A 62‐year‐old man with a history of exposure to his grandchild diagnosed with erythema infectiosum presented with a 1‐week history of fever, polyarthralgias, and myalgias. Evaluation revealed a platelet count of 68,000 and Hgb 15.7. CT scan showed splenomegaly and intra‐abdominal lymphadenopathy. He presented 2 days later and was hospitalized for generalized urticaria, pruritus and lightheadedness. Platelet count at that time was 17,000, Hgb 7.2, and reticulocyte index 0.68. Laboratory studies were negative for Lyme and Ehrlichia serology. Peripheral blood film examination showed thrombocytopenia, areas of red cell agglutination, very rare schistocytes, and LDH > 900. The aPTT, PT and fibrinogen levels were normal. DAT was positive for IgG only and serologic tests (ELISA and IF assays) for PB‐19 were positive for IgM and IgG antibodies. Viral studies (HBV, HCV, HIV, and CMV) and autoimmune panel (ANA, ANCA, and anti‐GBM) were normal. On hospital day 5 he developed acute renal failure requiring hemodialysis. Renal biopsy showed thrombotic microangiopathy and cortical necrosis and ADAMTS13 was 57%. Flow cytometry showed findings consistent with low‐grade lymphoproliferative disorder (LPD). On hospital day 7 he developed a diffuse painful maculopapular rash sparing his back, intertriginous areas and oral mucosa with areas of necrosis. Cryoglobulins (CGs) were positive (CG 3% and IF showed type I cryoglobulinemia) and skin biopsy revealed findings consistent with cryoglobulinemia. He was started on high‐dose IV steroids and plasmapheresis. Bone marrow biopsy was significant for 20% small lymphocytes and <5% plasma cells consistent with LPD. He was treated with 4 doses of rituximab with resolution of symptoms clinically.
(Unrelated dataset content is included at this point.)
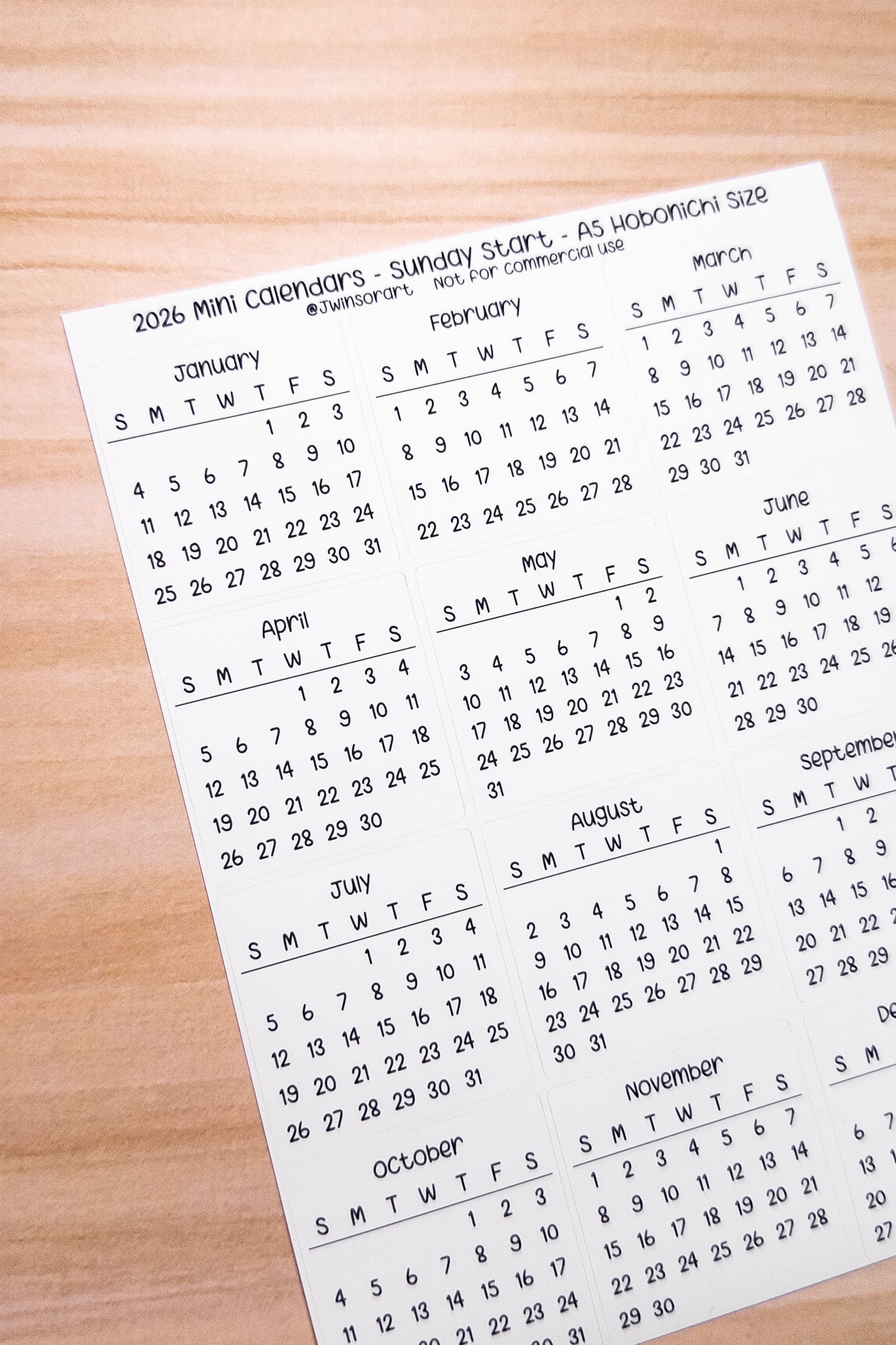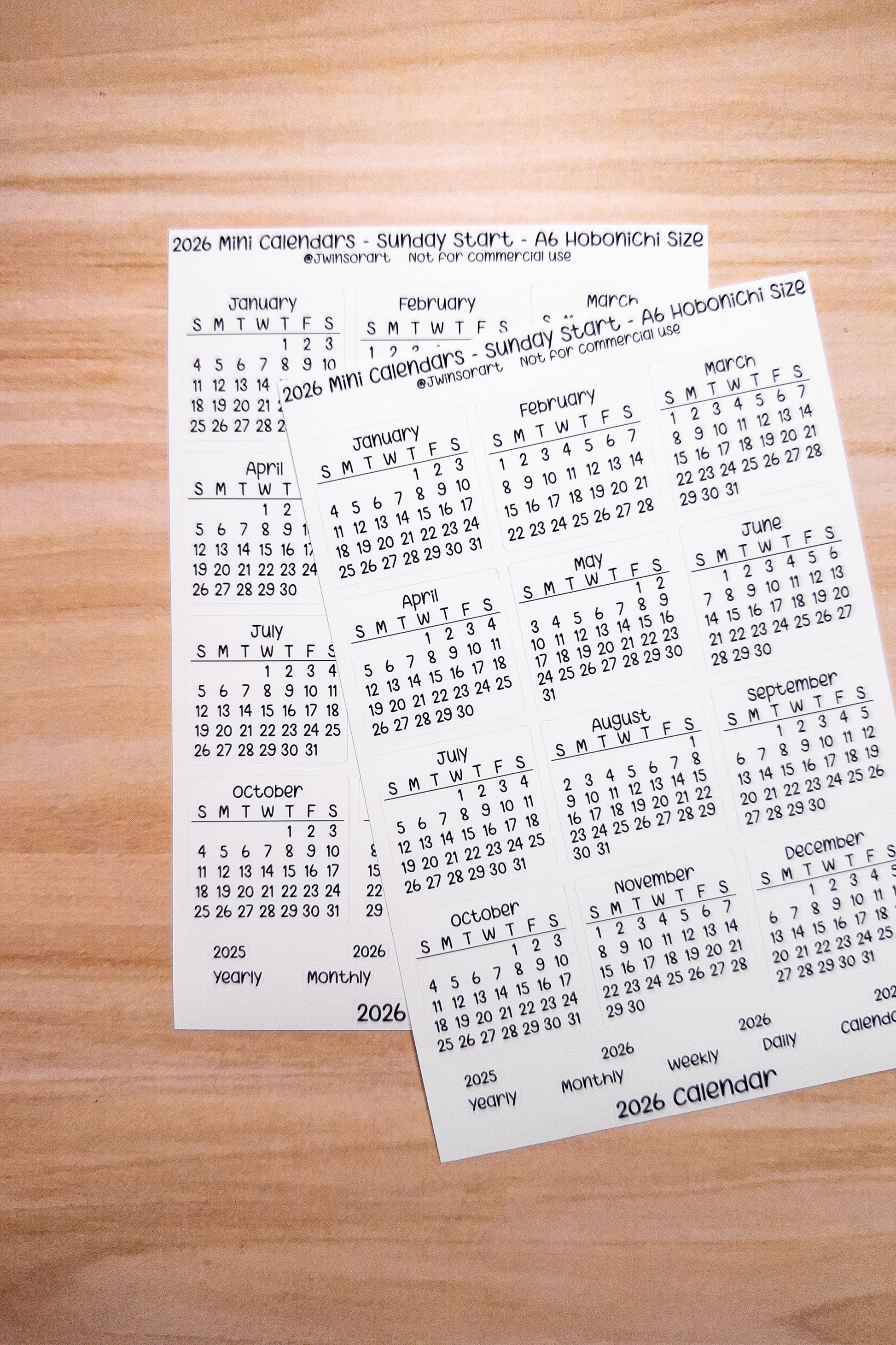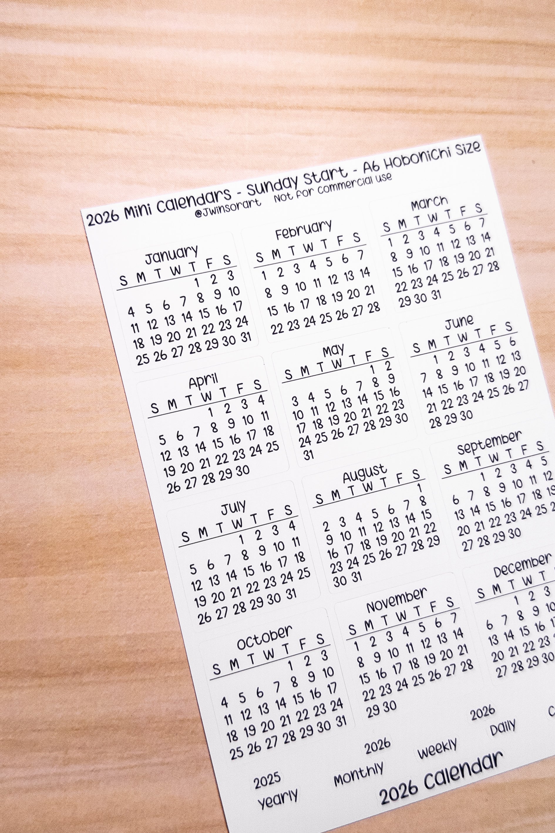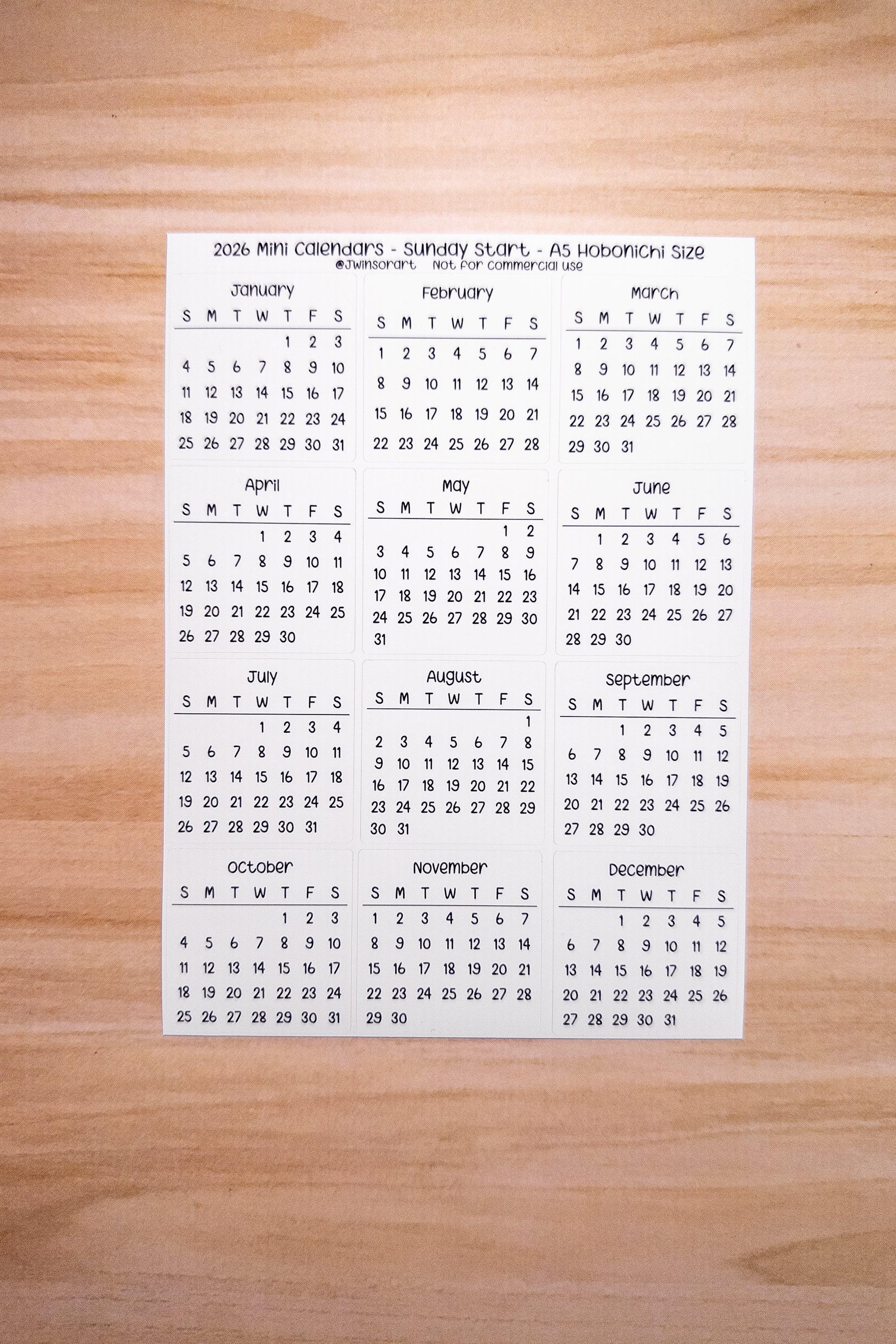 2026 Mini Calendars Hobonichi A5 A6 Weeks Sizes Sunday Start Planner Sticker Sheet Bujo Jan Feb Mar Apr May Jun Jul Aug Sept Oct Nov Dec

We report an unusual case of a patient with type I CG and parvovirus infection with overlapping clinical and laboratory features. Immune‐mediated autoimmune hemolytic anemia, thrombocytopenia and CG have been reported to occur in both these conditions. In patients with parvovirus B19 (PB‐19) infection, autoimmune antibodies may be induced due to the presence of proinflammatory cytokines or shared antigenic epitopes between viral and host cells. Type I CG is typically found in patients with lymphoproliferative disorders or multiple myeloma, whereas type II is typically associated with viral infections. Patients with type 1 cryoglobulinemia, as found in our patient, may rarely develop renal disease as a result of thrombotic disease. We speculate that immune stimulation and lymphoproliferation due to the PB‐19 may have accounted for the pathogenic CG response
Though parvovirus is commonly associated with type II/III CG, one needs to recognize the rare but plausible association of PB‐19 with type I CG. Also understand the appropriate treatment of type I CG associated with parvovirus B19 and low‐grade lymphoproliferative disorder
To cite this abstract:Epperla N, Yale S. Its All in the Rash: The Association of Parvovirus B‐19 and Type 1 Cryoglobulinemia. Abstract published at Hospital Medicine 2013, May 16-19, National Harbor, Md. Abstract 419. Journal of Hospital Medicine. 2013; 8 (suppl 2). https://www.shmabstracts.com/abstract/its-all-in-the-rash-the-association-of-parvovirus-b19-and-type-1-cryoglobulinemia/. Accessed May 20, 2019.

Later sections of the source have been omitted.